Use Cases
Insurance Claims Processing Automation
What is Claims Processing Automation?
Claims processing automation with AI agents runs the file from first notice of loss to determination: classifying documents, extracting the loss facts, evaluating coverage against the policy, and drafting the determination with evidence linked. Adjusters decide; the agent assembles and checks.
Automate Insurance Claims Processing
A single claim file: medical records, police reports, photos, repair estimates, policy declarations, claimant correspondence, often a large packet in formats no two processors agree on. MightyBot classifies every document, extracts the data, evaluates coverage, and enforces state-specific regulations in minutes.
How MightyBot Executes
-
Document classification and extraction
Entire claim file ingested and classified. FRS canonicalization maps varied fields to a canonical schema regardless of format.
-
Policy terms evaluation
Coverage terms, exclusions, sublimits, endorsements encoded as executable logic. Same claim, same policy, same result. Deterministic.
-
State regulatory compliance
State-specific requirements enforced automatically. Timelines, notice obligations, fair claims practices. Updated in plain English by your compliance team.
-
Exception routing
High-value claims, coverage disputes, fraud indicators routed to adjusters with full context. Edge cases handled.
The Problem
Adjusters must review every document, extract facts, and cross-reference against policy language, coverage limits, deductibles, and exclusions. State-specific claims handling standards vary by jurisdiction. At volume, carriers choose between hiring more adjusters or accepting inconsistent outcomes and regulatory scrutiny. Adjusters spend much of their time gathering information rather than making coverage decisions.
Document chaos
Medical records, police reports, photos, estimates, declarations from every party in different formats
Coverage complexity
Policy terms, exclusions, sublimits, endorsement interactions per claim
State regulations
Processing timelines, documentation requirements, fair claims practices vary by jurisdiction
Consistency
Two adjusters evaluating the same claim reach different conclusions
Audit exposure
Every determination must withstand regulatory examination
Before vs After
Production Metrics
Measured in MightyBot production deployments.
Production-grade claims automation. Audit-ready from day one.
Use-case map
How Insurance Claims Processing Automation works in MightyBot
MightyBot automates insurance claims end-to-end: document classification, data extraction, policy evaluation, state regulatory compliance, and auditable adjudication outputs.
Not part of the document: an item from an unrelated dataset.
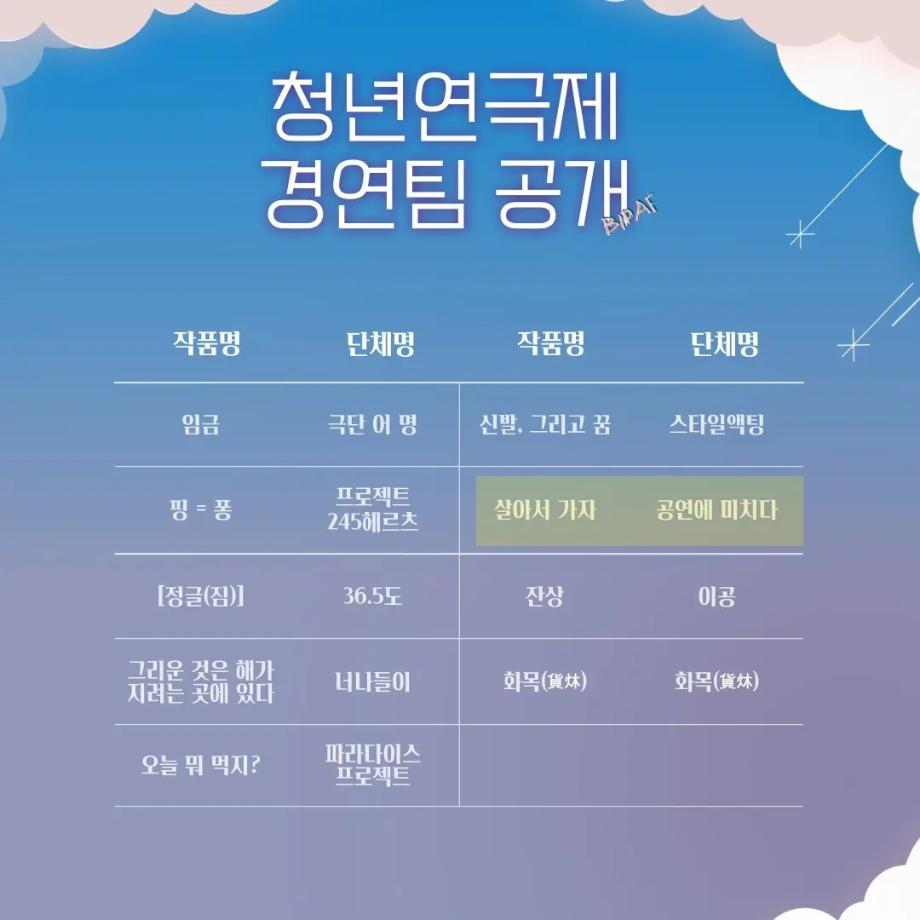 본문 시작 홈으로 커뮤니티 학과소개 입학정보 교수소개 학과과정 커뮤니티 공연예매 안내 홈페이지가이드 포토갤러리 공지사항 포토갤러리 작품DB 동아리 학사일정 학생회 포토갤러리 페이스북 트위터 프린트 🌊2022 제 19회 부산국제연극제 청년연극제 참가작 본선 진출 🫂[살아서 가자]👣 연기예술학과 2918 2022-06-13 🌊2022 제 19회 부산국제연극제 청년연극제 참가작 본선 진출 🫂[살아서 가자]👣 🌺[살아서 가자]는 6.25전쟁을 배경으로하여, 원치않는 전쟁에 참가한 남한과 북한의 어린 청춘들이 소통의 부재로 비극적인 전투를 하게 되는 내용을 다룬 창작극입니다. 👥 이번 청년연극제 참가작인 [살아서 가자]는 신입생들과 2학년 학생들이 액션신과 군무 등 함께 호흡을 맞춰 즐겁게 연습했던 작품입니다!! 목록 이전🗣제 81회 세명대학교 연기예술학과 정기공연 기초연기1 발표🗣 다음 제 82회 세명대학교 연기예술학과 정기공연 중급연기 | 발표 <팔레트>🎨 담당부서 : 연기예술학과 담당자 : - 연락처 : 043-649-1733 최종수정일 : 2024-10-26 만족도조사 만족도 조사 이 페이지에서 제공하는 정보에 대하여 만족하시나요? 매우만족 만족 보통 불만족 매우불만족

| Inputs | Claim files, policy declarations, medical records, police reports, repair estimates, photos, adjuster notes, and claimant correspondence. |
|---|---|
| Execution | Classifies documents, extracts loss and coverage data, evaluates policy terms, applies state-specific handling rules, and routes exceptions. |
| Outputs | Coverage determinations, exception packages, adjuster-ready summaries, compliance flags, and evidence-backed adjudication records. |
| Audit trail | Every decision traces to the policy clause, extracted value, source document, page, and timestamp. |
| Best for | Carriers and TPAs with high claim-file volume, multi-jurisdiction handling rules, and regulatory audit exposure. |
FAQ
Frequently Asked Questions
How do AI agents process insurance claims?
They read the claim file (forms, photos, records, correspondence), extract the facts, check coverage against the policy's actual terms, and assemble a determination package with each fact linked to its source. Complex or borderline claims route to adjusters with the work already organized.
What does claims automation with audit trails look like?
Every determination records what was extracted, which policy provisions applied, what the evaluation concluded, and who approved it. When a claim is disputed or examined, the file replays end to end instead of being reconstructed from memory.
Can MightyBot handle multi-peril claims with overlapping coverage?
The Policy Engine evaluates each peril against its applicable coverage section, handles stacking and sublimit interactions, and produces a consolidated determination with evidence pointers for each component.
How does MightyBot handle state-specific claims regulations?
State requirements are encoded as policy rules in plain English. Your compliance team authors and maintains them. When regulations change, rules are updated with version-controlled tracking and enforced by jurisdiction.
What types of claim documents does MightyBot process?
PDFs, scanned images, photos, varied form layouts, medical records, police reports, repair estimates, declarations, endorsements, adjuster notes, correspondence, and damage photos. The pipeline classifies and extracts from all of them.
Does MightyBot replace our claims management system?
No. MightyBot connects to your existing claims management system via APIs. Extraction results, determinations, and audit trails flow back into your system of record.
How does MightyBot handle fraud indicators?
Fraud rules are configured alongside coverage evaluation. Claims exhibiting defined indicators - inconsistent dates, duplicates, or suspicious patterns - are flagged and routed to your SIU with full evidence trails.
What audit trail does MightyBot produce?
Every determination links to the specific policy clause, extracted data, applicable state regulation, and source pages so auditors and regulators can verify any finding without re-reviewing the entire file.